Numbers within a range that can be expressed as power of two numbers

The problem statement includes printing the count of numbers within a range given that can be expressed as power of two numbers i.e. numbers which are perfect powers.

The numbers which are known as perfect powers is the number which can be expressed as $\mathrm{x^{y}}$,where x>0 and y>1 for all integers. For example, 8 is a perfect power because it can be expressed as $\mathrm{2^{3}}$,which is equal to 8 hence it is considered as a perfect power.

In this problem, we will be given a range as two positive integers in the input i.e. a and b and our task is to print the number of perfect powers that exist within the range [a,b].

Let’s understand the problem better with the below examples.

Input

a=1 , b=10

Output

4

Explanation − The range has been given in the input i.e. [1,10]. We need to find out the number of perfect powers in the range.

$\mathrm{1=1^{2}}$, hence it is a perfect power as it can be represented in the form of $\mathrm{x^{y}}$, where x>0 and y>1.
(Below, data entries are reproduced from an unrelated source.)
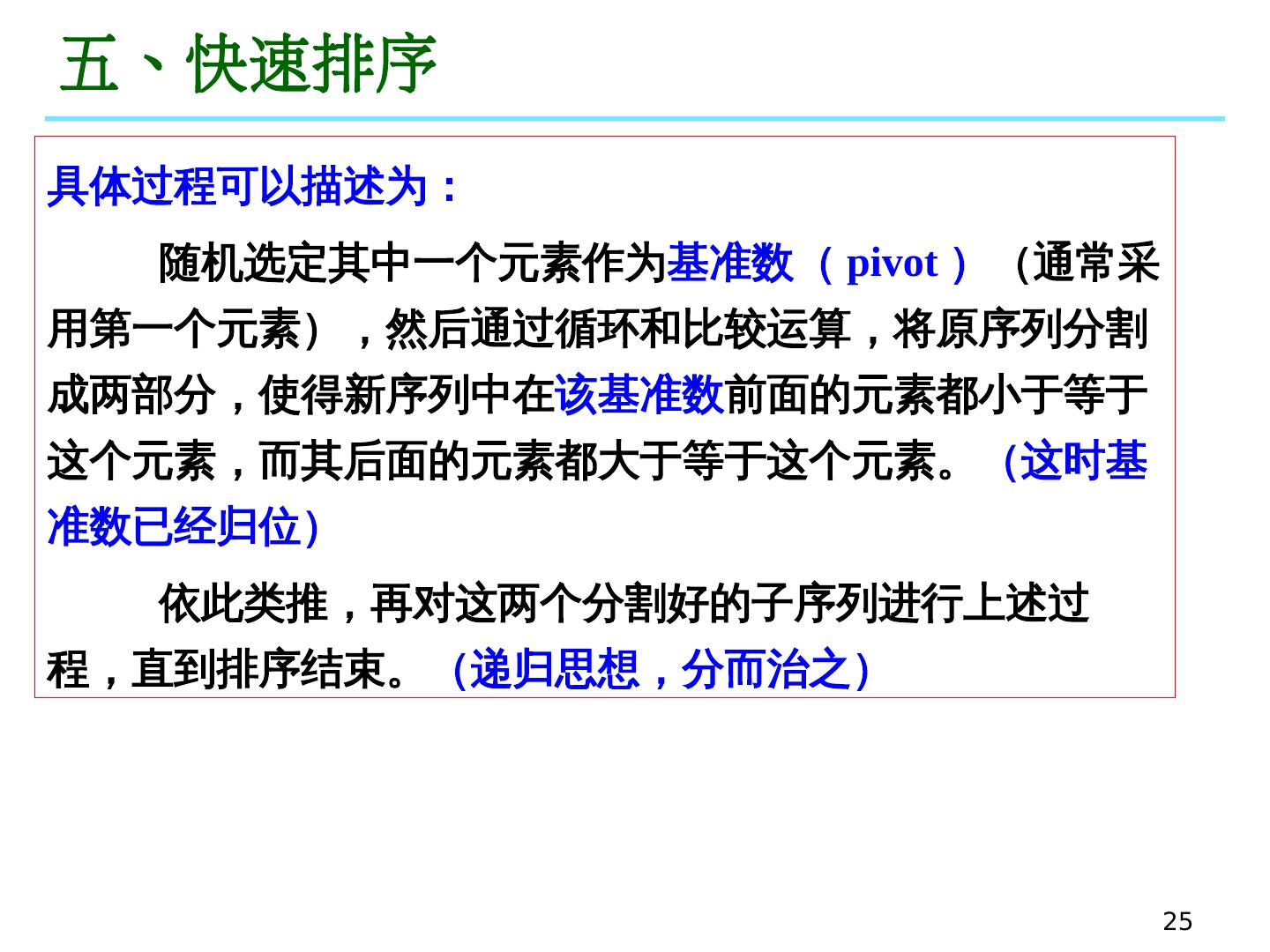 24 .24 五、快速排序 快速排序采用的是 分而治之 思想: 将原问题分解为若干个规模更小但结构与原问题相似的子 问题,然后递归求解 这些子问题 ,最后将 这些子问题的解组合为原问题的解。 —— 是 目前最常用的排序算法 之一
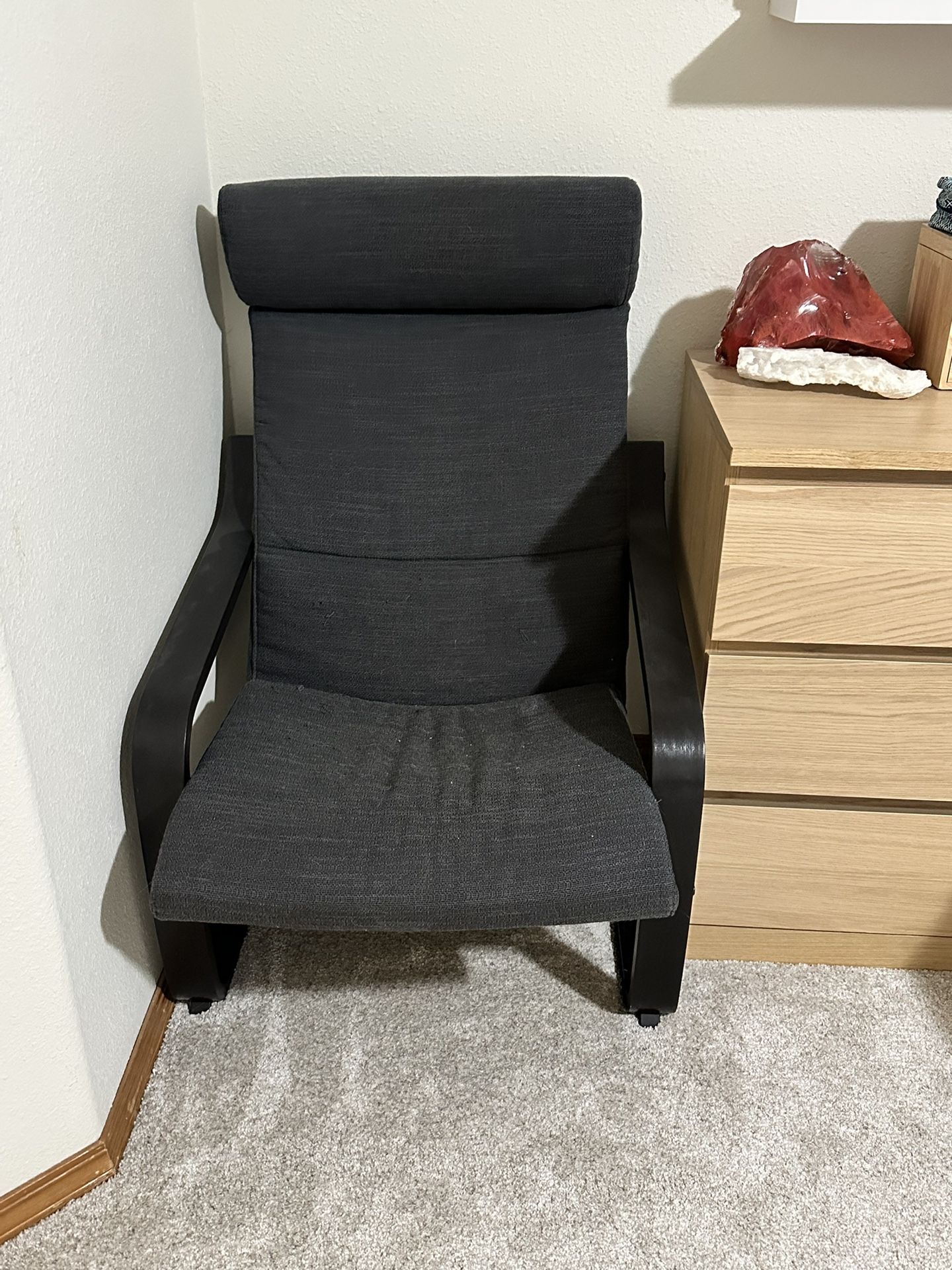 Black wood with grey cushion. Cushions have some pulls (see photo) New cushions can be purchased from ikea.
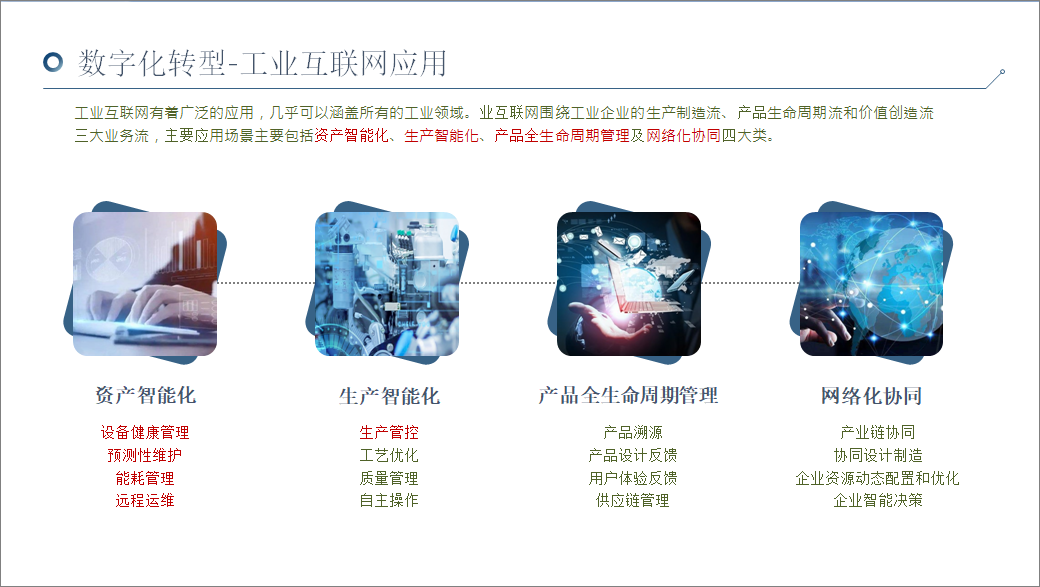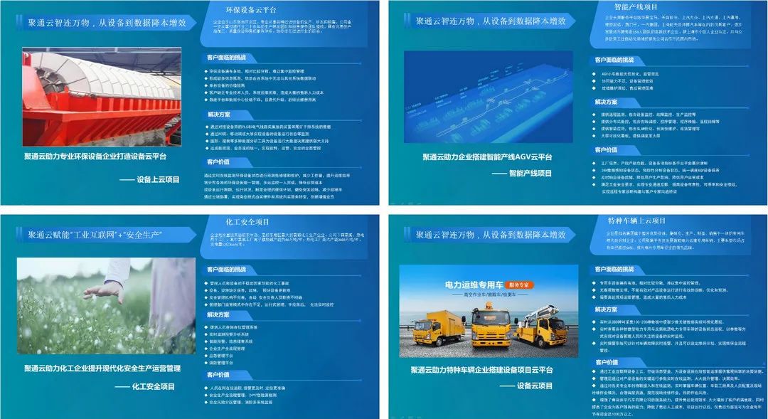 聚通工业互联网平台应用围绕⽣产制造流、产品⽣命周期流和价值创造流三⼤业务流,涵盖几乎所有的⼯业制造领域,面向资产智能化、⽣产智能化、产品全⽣命周期管理及⽹络化协同四大应用场景,以设备云为基础的能耗双控和安全生产为抓手,成功打造诸多成功实践。
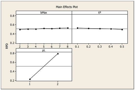where is the makespan value generated by the VBIH algorithm in each treatment and is the minimum makespan value found amongst 70 treatments. For each job size-treatment pair, the average RPD value is calculated by taking the average of five instances in each job size. Then, the response variable (ARPD) of each treatment is obtained by averaging these RPD values of all job sizes. After determining the ARPD values for each treatment as mentioned above, the main effects plots of the parameters are analyzed and given in Figure 3.
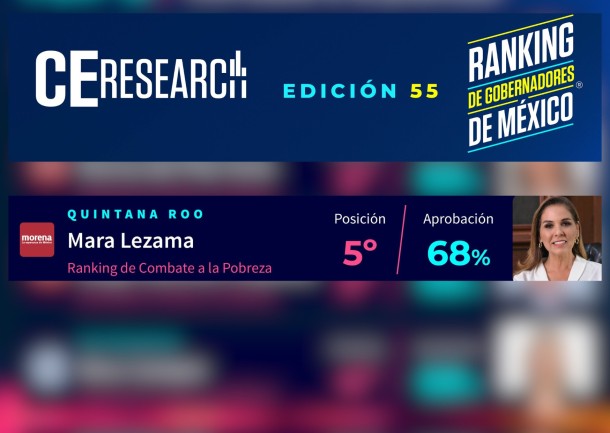 Mara Lezama, ocupa el 5to lugar en la encuesta de Ce Research, como la gobernadora que más combate a la pobreza en su entidad, Quintana Roo.
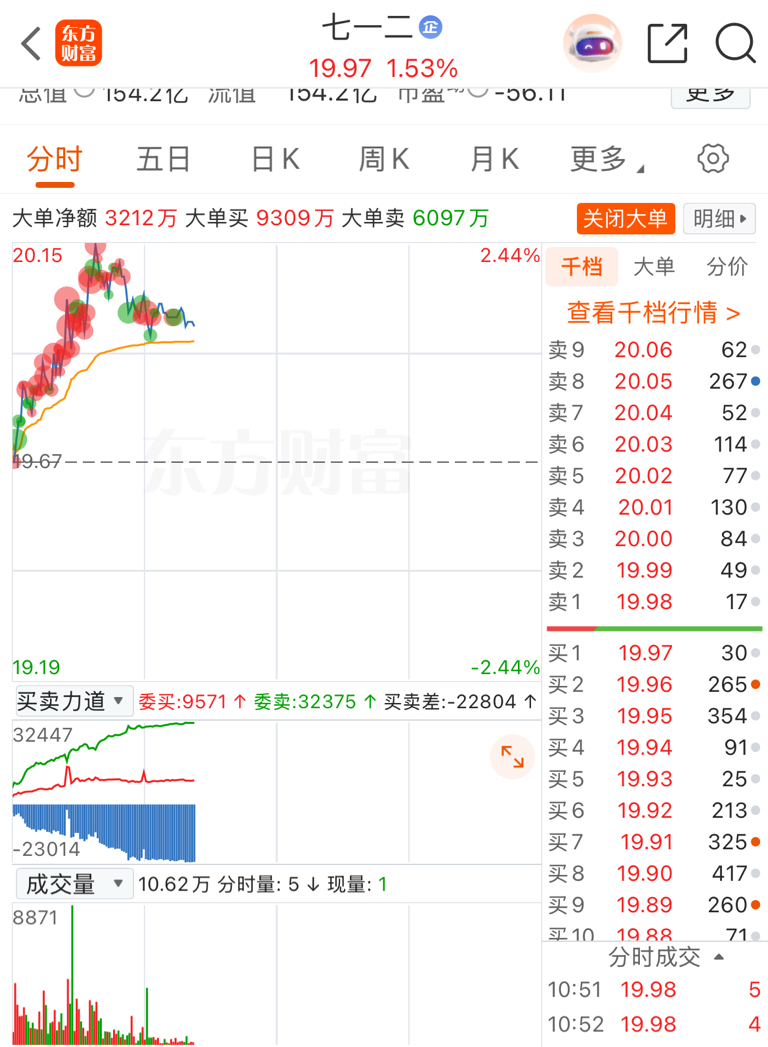$七一二(SH603712)$ 今天都在出货吗,看看大绿柱,吓人,跑

$\mathrm{4=2^{2}}$,here also x>0 and y>1.

$\mathrm{8=2^{3}}$

$\mathrm{9=3^{2}}$

Hence, there only exist 4 perfect powers within the range [1,10[. Therefore, 4 is the output.

Input

a=5 , b=20

Output

3

Explanation − The input given is [5,20]. The number of perfect powers in the given range are:

$\mathrm{8=2^{3}}$, since it can be represented as $\mathrm{x^{y}}$ where x>0 and y>1.

$\mathrm{9=3^{2}}$

$\mathrm{16=4^{2}}$

Since there exist only 3 perfect powers in the given range, therefore 3 is the required output.

Let’s understand the algorithm to find out the number of perfect powers in the given range.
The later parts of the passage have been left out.